For the past 25 years, arms control has been a key driving force behind how many Americans view our relationship with Russia. In that period the two countries have agreed to the START I, Moscow, and New Start nuclear weapons agreements that has successfully reduced the strategic warhead arsenals on both sides by over 90%.
But relations between Moscow and Washington are not good and since the 2010 New Start agreement, the Russians have flatly rejected discussions of further reductions in nuclear weapons. The Russians have also stopped cooperation under the Nunn-Lugar agreement, named after two US Senators that put together a program to safeguard and eliminate nuclear material and warheads in the former Soviet Union subsequent to the end of the Cold War. Other agreements between the two countries have also been put on ice by Russian President Putin’s government.
At a seminar on Capitol Hill on April 20, 2016, two distinguished experts-Steve Blank of the American Foreign Policy Council and Mark Schneider of the National Institute of Public Policy-spoke about the need to refocus our relationship with Russia away from arms control and more towards managing an increasingly troublesome and dangerous relationship. A key part of that strategy must be the full modernization of our nuclear deterrent, they both emphasized.
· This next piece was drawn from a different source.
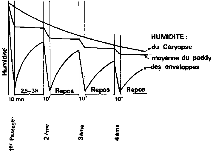 La température de l'air de séchage atteint 54° C pour du paddy destiné à la consommation (ne pas dépasser 43° C pour du paddy de sentence) et la durée d'homogénéisation varie de 6 à 24 h (10 Il en moyenne), alors que chaque passe de séchage dure de 10 à 30 mn.
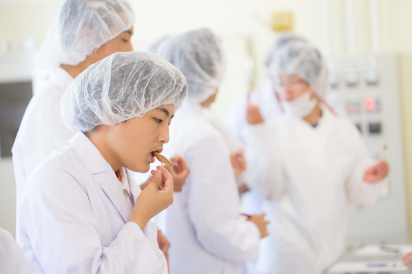真剣に話を聞く生徒の皆さん。注意事項が終了し試食がスタート。

Most worrisome said the two experts was Russia’s massive build-up of new nuclear weapons, including three new classes of land based missiles, a new submarine launched ballistic missile, and a new stealthy strategic bomber and accompanying air launched cruise missile including a hypersonic variant. This build-up will be almost completely completed by 2021-2 prior to the United States fielding a single modern element of its own strategic nuclear deterrent which is the oldest ever.